REQUIRED ACTION:
Pictures aside, repeat every entry exactly.

EXTRACTED INFORMATION:
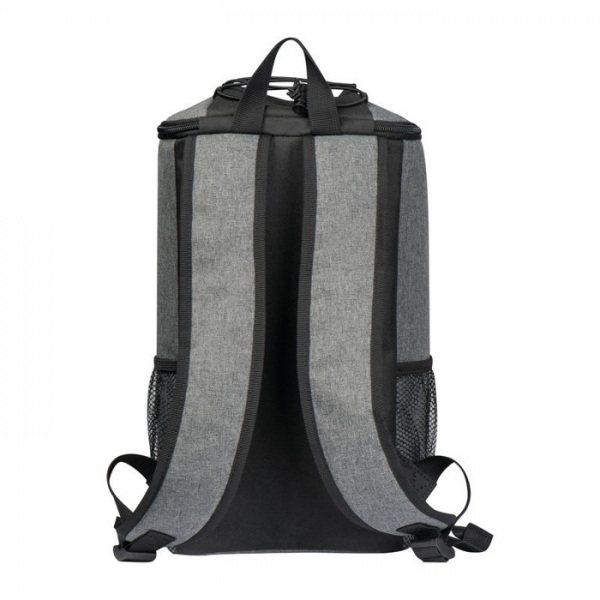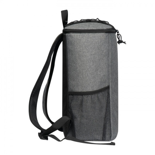 Polyesterový ruksak a chladiaca taška v jednom s polstrovanými ramennými popruhmi, sieťovanými bočnými priehradkami a malým vreckom na zips vo vnútri.
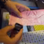 Perforez des fleurs dans le papier rose uni. Travaillez la perforatrice sur l'envers afin d'économiser votre papier.
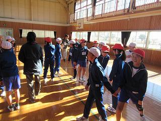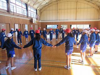 最初はお互いにやや緊張気味の様子がみられ、同じ学校の友達と固まって話をしている子供たちがほとんどでした。しかし、仲間づくりや運動などの交流活動を一緒に行っていく中で、緊張も徐々にほぐれ、それぞれの学校の子供たちが入り交じって交流をする姿が見られるようになりました。中には、幼稚園が一緒だった友達もいたようで、その頃のことを思い出して話をしている子供たちもいました。
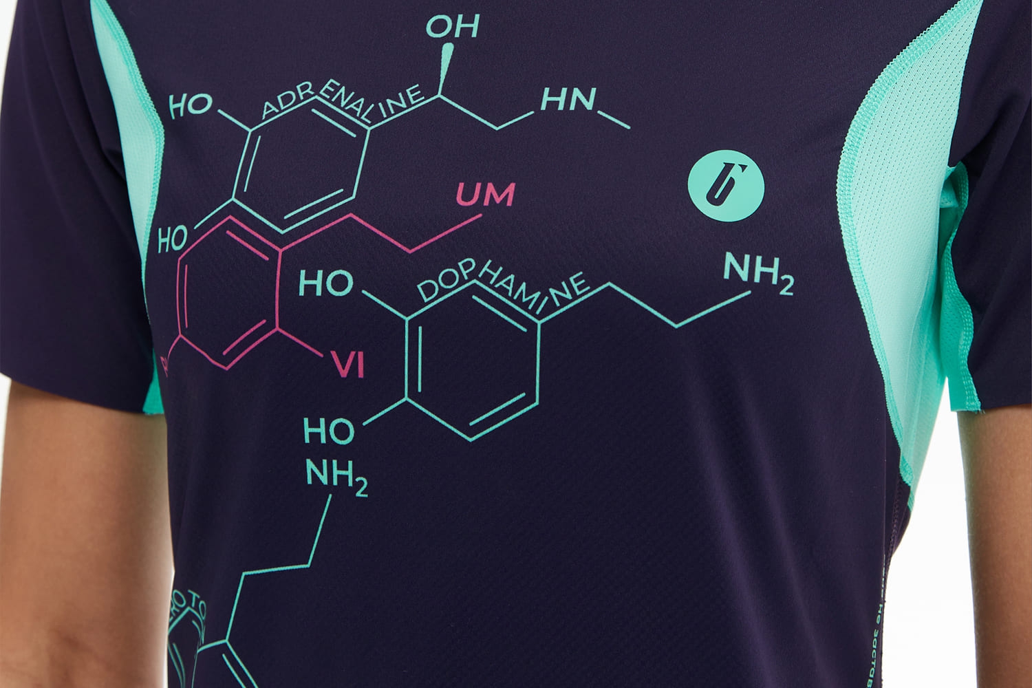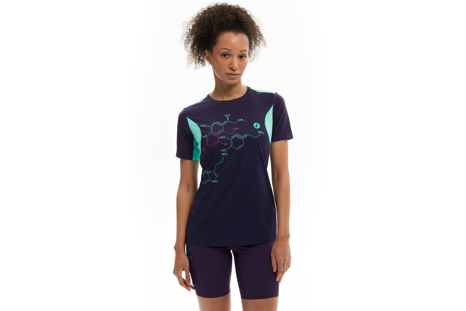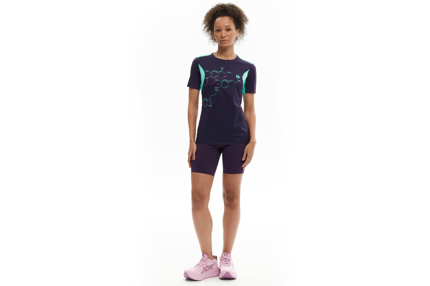 Принт с молекулами на груди и мотивирующая надпись сбоку отсылают к идее коллекции — поиску собственной формулы активности.
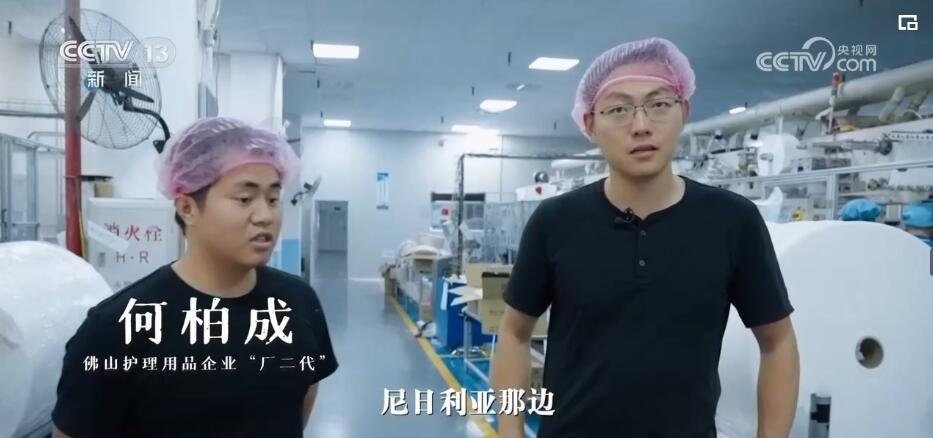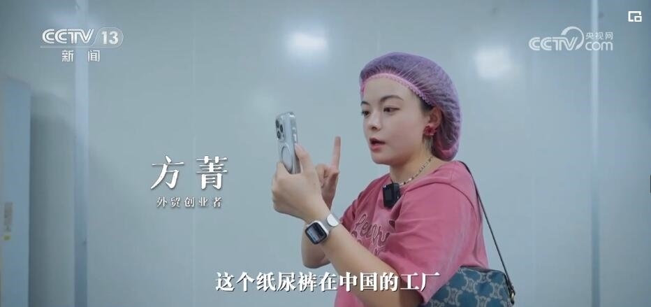 記者:現(xiàn)在方方(方菁)在給她的非洲客戶打視頻電話,來給她更直觀地看,這個(gè)紙尿褲在中國的工廠是怎么生產(chǎn)出來的。
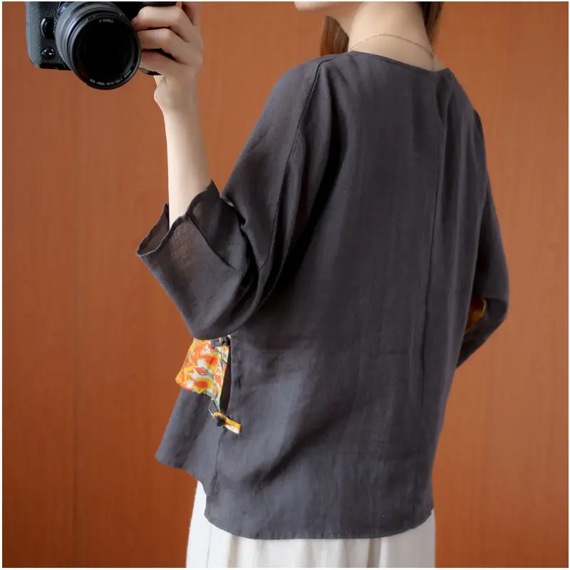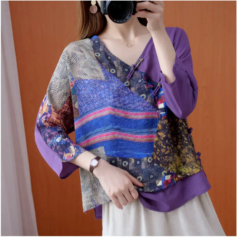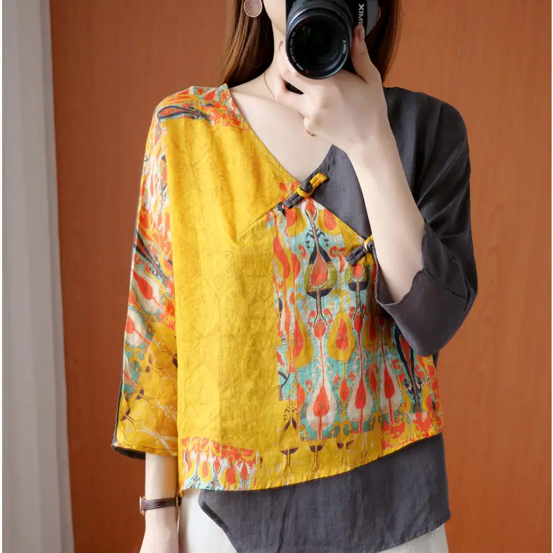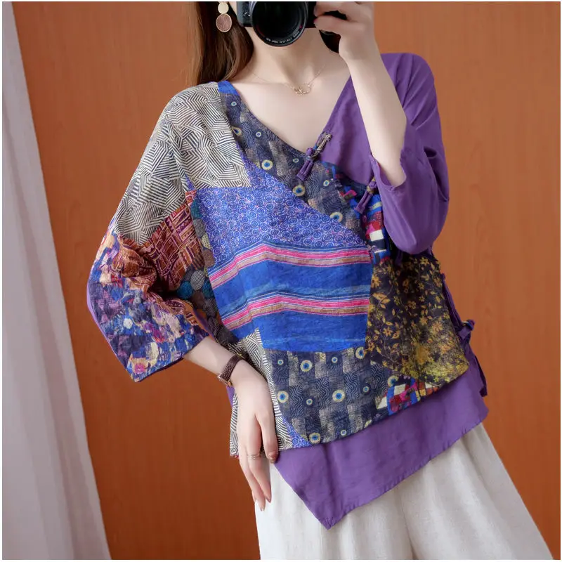 Винтажная Этническая блузка, рубашка, летняя одежда для женщин, размера плюс, женские топы, туника, 3/4 рукав, Повседневная Свободная Повседневная Блузка с V-образным вырезом
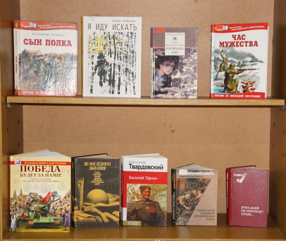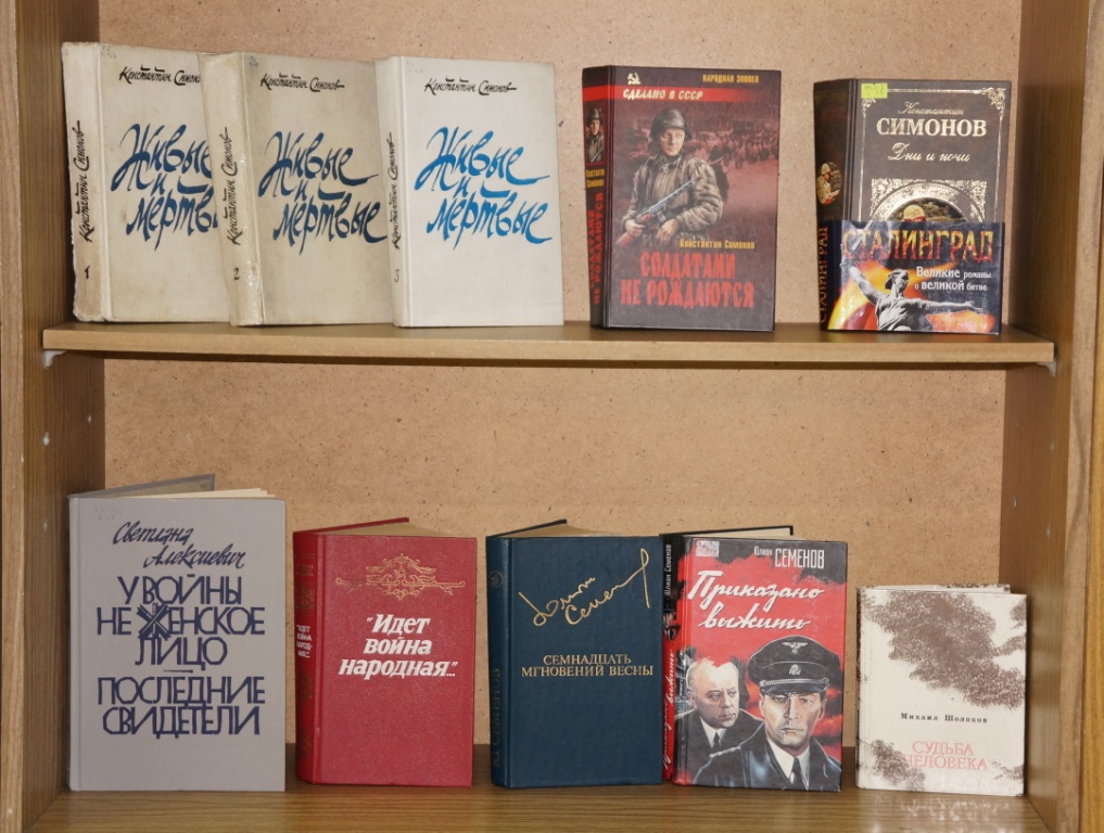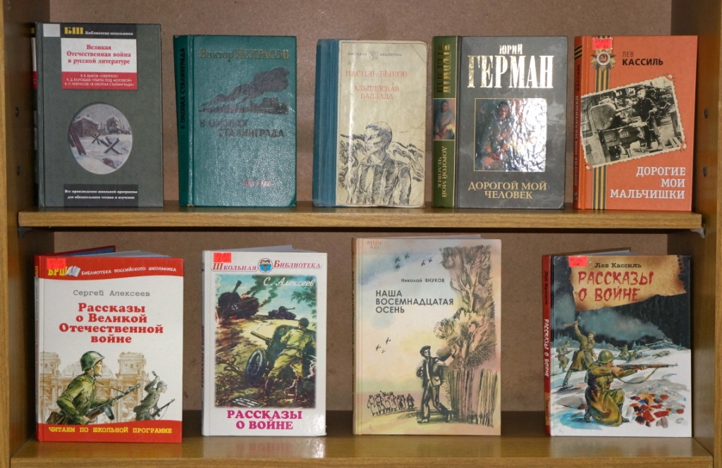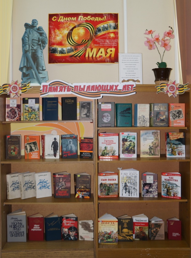 К этой знаменательной дате, библиотекарями Центральной городской библиотеки подготовлена выставка «Память пылающих лет». Великие сражения и судьбы обычных героев описаны во многих художественных произведениях, но есть книги, мимо которых нельзя пройти и о которых нельзя забывать, это «А зори здесь тихие…» и «В списках не значился» Б. Васильева, «Живые и мёртвые» К. Симонова, «Горячий снег» Ю. Бондарева, «Дожить до рассвета» В. Быкова и многие другие. Кроме того, на выставке представлены повести и рассказы о войне предназначенные для юных читателей, это «Сын полка» В. Катаева, «Рассказы о войне» Л. Кассиля, «Наша восемнадцатая осень» Н. Внукова и др. Они заставляют читателя задуматься о настоящем и прошлом, о жизни и смерти, о мире и войне.
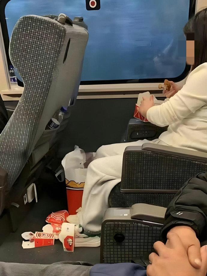 这素质,真的绝了!今天在高铁上看到这一幕,我整个人都气笑了。 满地的肯德基包装袋,就这么心安理得地扔在脚底下?明明座位的靠背后面就有垃圾袋,走两步就有垃圾桶,非要搞得像在自家猪圈一样吗? 我就纳闷了,能买得起高铁票,能吃得起全家桶,怎么就买不起一点“教养”呢?隔壁的小孩都看得直摇头。 大家评评理,这种行为是不是该直接拉入铁路黑名单?你们在车上遇到过这种“奇葩”吗?评论区晒晒你们见过最没素质的行为。 高铁文明出行 素质教育 生活百态
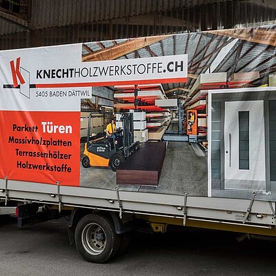 Für Kundinnen und Kunden übernimmt die Knecht & Co. AG gerne auch den Transport der Waren. Mit dem hauseigenen Fuhrpark liefern wir Holzwerkstoffe und Baumaterial von Baden-Dättwil (AG) an den gewünschten Ort.
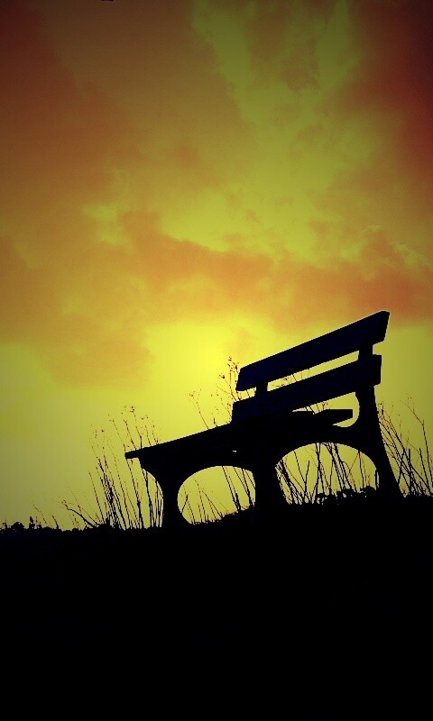 «Силуэт скамейки на фоне неба»
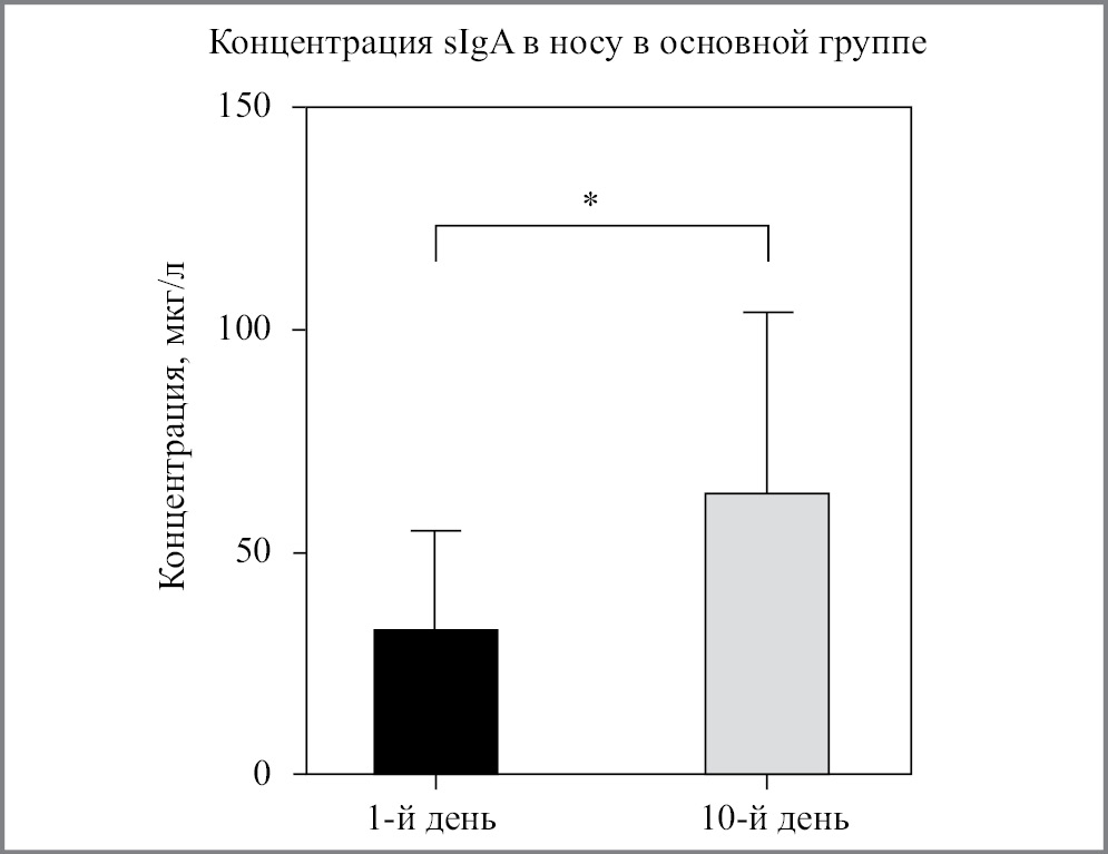 Рис. 7. Сравнительная характеристика уровня sIgA в назальном соскобе в испытуемой группе.

TASK OUTPUT:
 Polyesterový ruksak a chladiaca taška v jednom s polstrovanými ramennými popruhmi, sieťovanými bočnými priehradkami a malým vreckom na zips vo vnútri.
 Perforez des fleurs dans le papier rose uni. Travaillez la perforatrice sur l'envers afin d'économiser votre papier.
 最初はお互いにやや緊張気味の様子がみられ、同じ学校の友達と固まって話をしている子供たちがほとんどでした。しかし、仲間づくりや運動などの交流活動を一緒に行っていく中で、緊張も徐々にほぐれ、それぞれの学校の子供たちが入り交じって交流をする姿が見られるようになりました。中には、幼稚園が一緒だった友達もいたようで、その頃のことを思い出して話をしている子供たちもいました。
 Принт с молекулами на груди и мотивирующая надпись сбоку отсылают к идее коллекции — поиску собственной формулы активности.
 記者:現(xiàn)在方方(方菁)在給她的非洲客戶打視頻電話,來給她更直觀地看,這個(gè)紙尿褲在中國的工廠是怎么生產(chǎn)出來的。
 Винтажная Этническая блузка, рубашка, летняя одежда для женщин, размера плюс, женские топы, туника, 3/4 рукав, Повседневная Свободная Повседневная Блузка с V-образным вырезом
 К этой знаменательной дате, библиотекарями Центральной городской библиотеки подготовлена выставка «Память пылающих лет». Великие сражения и судьбы обычных героев описаны во многих художественных произведениях, но есть книги, мимо которых нельзя пройти и о которых нельзя забывать, это «А зори здесь тихие…» и «В списках не значился» Б. Васильева, «Живые и мёртвые» К. Симонова, «Горячий снег» Ю. Бондарева, «Дожить до рассвета» В. Быкова и многие другие. Кроме того, на выставке представлены повести и рассказы о войне предназначенные для юных читателей, это «Сын полка» В. Катаева, «Рассказы о войне» Л. Кассиля, «Наша восемнадцатая осень» Н. Внукова и др. Они заставляют читателя задуматься о настоящем и прошлом, о жизни и смерти, о мире и войне.
 这素质,真的绝了!今天在高铁上看到这一幕,我整个人都气笑了。 满地的肯德基包装袋,就这么心安理得地扔在脚底下?明明座位的靠背后面就有垃圾袋,走两步就有垃圾桶,非要搞得像在自家猪圈一样吗? 我就纳闷了,能买得起高铁票,能吃得起全家桶,怎么就买不起一点“教养”呢?隔壁的小孩都看得直摇头。 大家评评理,这种行为是不是该直接拉入铁路黑名单?你们在车上遇到过这种“奇葩”吗?评论区晒晒你们见过最没素质的行为。 高铁文明出行 素质教育 生活百态
 Für Kundinnen und Kunden übernimmt die Knecht & Co. AG gerne auch den Transport der Waren. Mit dem hauseigenen Fuhrpark liefern wir Holzwerkstoffe und Baumaterial von Baden-Dättwil (AG) an den gewünschten Ort.
 «Силуэт скамейки на фоне неба»
 Рис. 7. Сравнительная характеристика уровня sIgA в назальном соскобе в испытуемой группе.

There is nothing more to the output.